He started hoarding documents from all these readboards, creating an archive of everything he thought was interesting. After a complaint about exceeding his storage quotum, Snowden came up with the idea to share his personal collection with his colleagues, as a justification, or "the perfect cover", for collecting material from more and more sources. (p. 221, 256)

He then got approval from his boss to create an automated readboard that would perpetually scan for new and unique documents, not only from NSAnet, but also from the networks of the CIA, the FBI as well as from JWICS, the high-level Defense Department intelligence network. (p. 221)

Instead of only gathering titles and metadata like common RSS-readers do, the system had to pull in full documents so NSA Hawaii would have access to all the necessary information in case the fiber-optic cable that connected it with NSA headquarters would be disconnected as a result of a power outage or a cyber attack.

Snowden called the new system Heartbeat (not in capitals in the book) because "it took the pulse" of the NSA and of the wider Intelligence Community (IC), but the program was also important for another reason: "Nearly all of the documents that I later disclosed to journalists came to me through Heartbeat." (p. 221-222)

Mock-up of the Heartbeat interface in Oliver Stone's biographical thriller Snowden
(screenshot from Snowden - click to enlarge)

Scraping tools and stolen passwords

The HPSCI-report says Snowden started his mass downloading of NSA data somewhere around August 1, 2012, using two common scraping tools, called DownThemAll! and wget. These tools were available for legitimate system administrator purposes, but Snowden used them to scrape "all information from internal NSA networks and classified webpages of other IC elements."

This is followed by two redacted sections, so it's not known whether the report acknowledges that this scraping effort was part of an authorized program named Heartbeat.
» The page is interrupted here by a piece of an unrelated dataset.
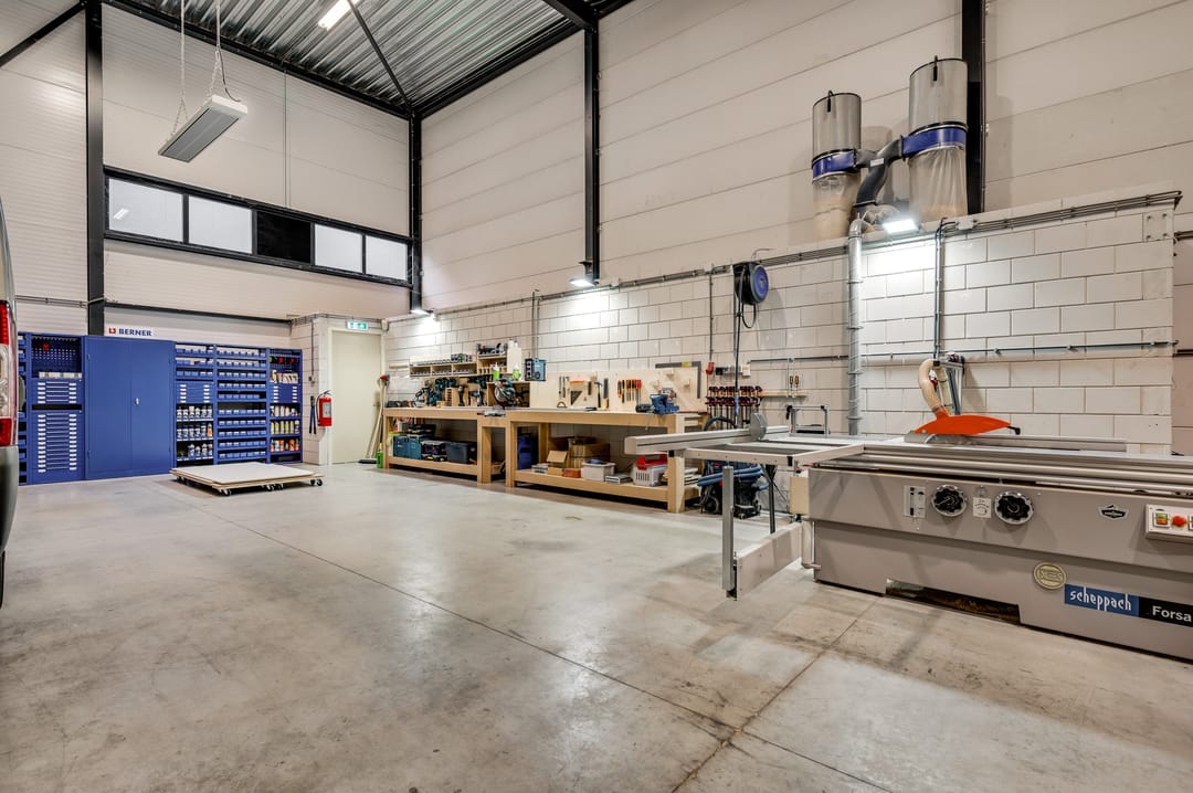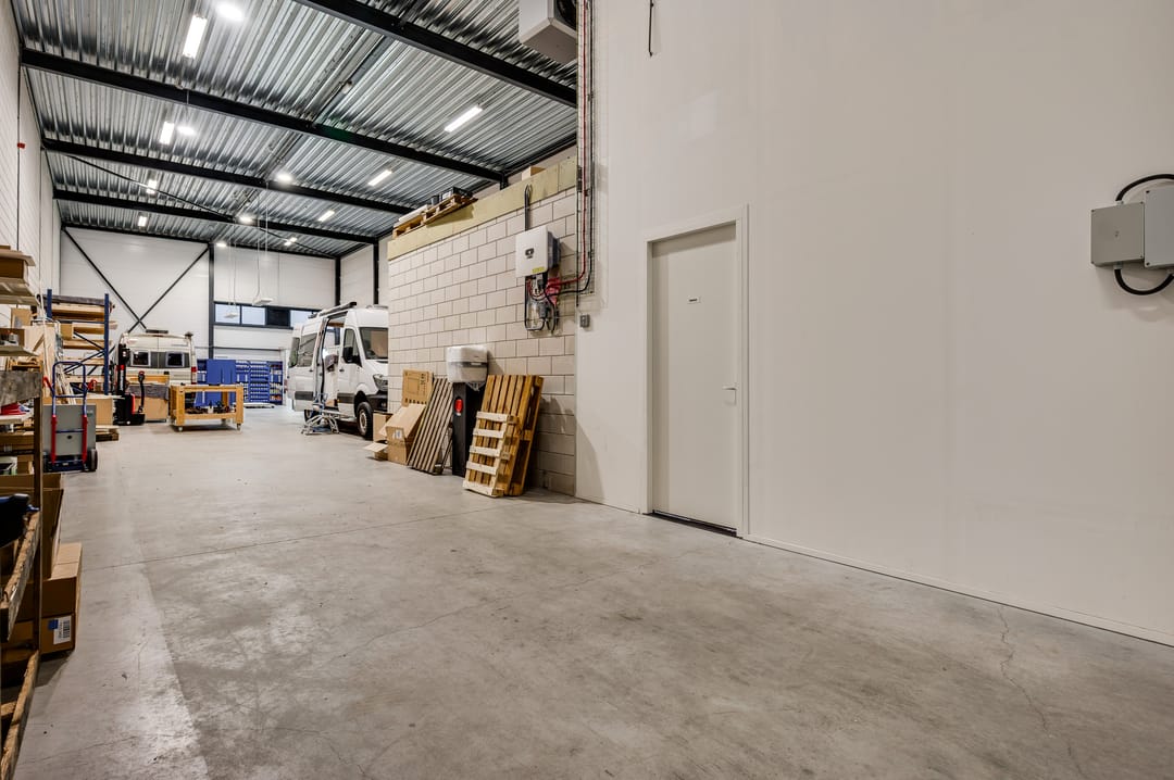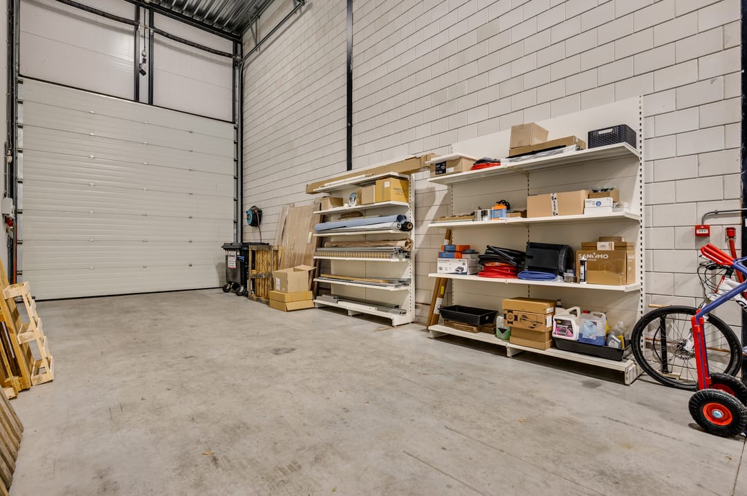 - Overheaddeuren, krachtstroom, betonvloer, heater, toilet, pantry, airconditioning, inbouwarmaturen en te openen ramen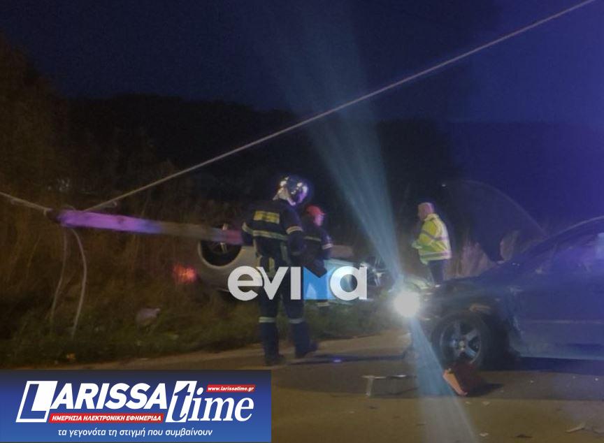 Πρόκειται για μετωπική σύγκρουση των δύο οχημάτων με αποτέλεσμα το ένα όχημα να βγει εκτός δρόμου σε χωράφι και να κόψει στα δύο κολώνα του ΟΤΕ.

Snowden doesn't mention the scraping tools in his book, but in a video appearance on August 20, 2019, he admitted that he "wrote some scrapers".

Besides the bulk downloading, the HPSCI-report says that Snowden used "his systems administrator privileges to search across other NSA employees' personal network drives and copy what he found on their drives". He also searched for "files related to the promotion and hiring decisions" on the personal network drives of people who had been involved in decisions about jobs for which Snowden had applied.

Already in November 2013, Reuters reported that Snowden even persuaded maybe up to 25 fellow workers to give him their logins and passwords, but in a live chat in January 2014, Snowden vehemently denied this: "I never stole any passwords, nor did I trick an army of co-workers".

The HPSCI-report from 2016 confirmed Reuters' reporting and says that Snowden asked "several of his co-workers for their security credentials so he could obtain information that they could access, but he could not. One of these co-workers subsequently lost his security clearance and resigned from NSA employment."

One would expect that Permanent Record addresses these specific and quite serious accusations, but they are completely ignored. In more general terms however, the book confirms Snowden's almost insatiable desire for information regardless of whether he was entitled to it - he almost seems proud of how easy he could circumvent auditing controls and internal monitoring systems like MIDNIGHTRIDER. (p. 256)

"Collect it All"

While almost "every journalist who later reported on the disclosures was primarily concerned with the targets of surveillance", like American citizens or foreign leaders, Snowden's own curiosity was of technical nature: "the better you can understand a program's mechanics, the better you can understand its potential for abuse." (p. 222)

While Glenn Greenwald saw the slide below as evidence that NSA really wants to "Collect it All", Snowden now says that this was "just PR speak, marketing jargon" intended to impress America's Five Eyes partners and therefore gave him "no insight into how exactly that ambition was realized in technological terms." (p. 222-224)

Slide from a presentation about satellite collection capabilities
at Menwith Hill Station in the United Kingdom, 2011

Given how keen Snowden was to find out the inner workings of the NSA's collection systems, surprisingly little detail about them is found in his book. For example, the best-known and most controversial programs, Section 215 and PRISM, are addressed in only one paragraph each. (p. 222-223)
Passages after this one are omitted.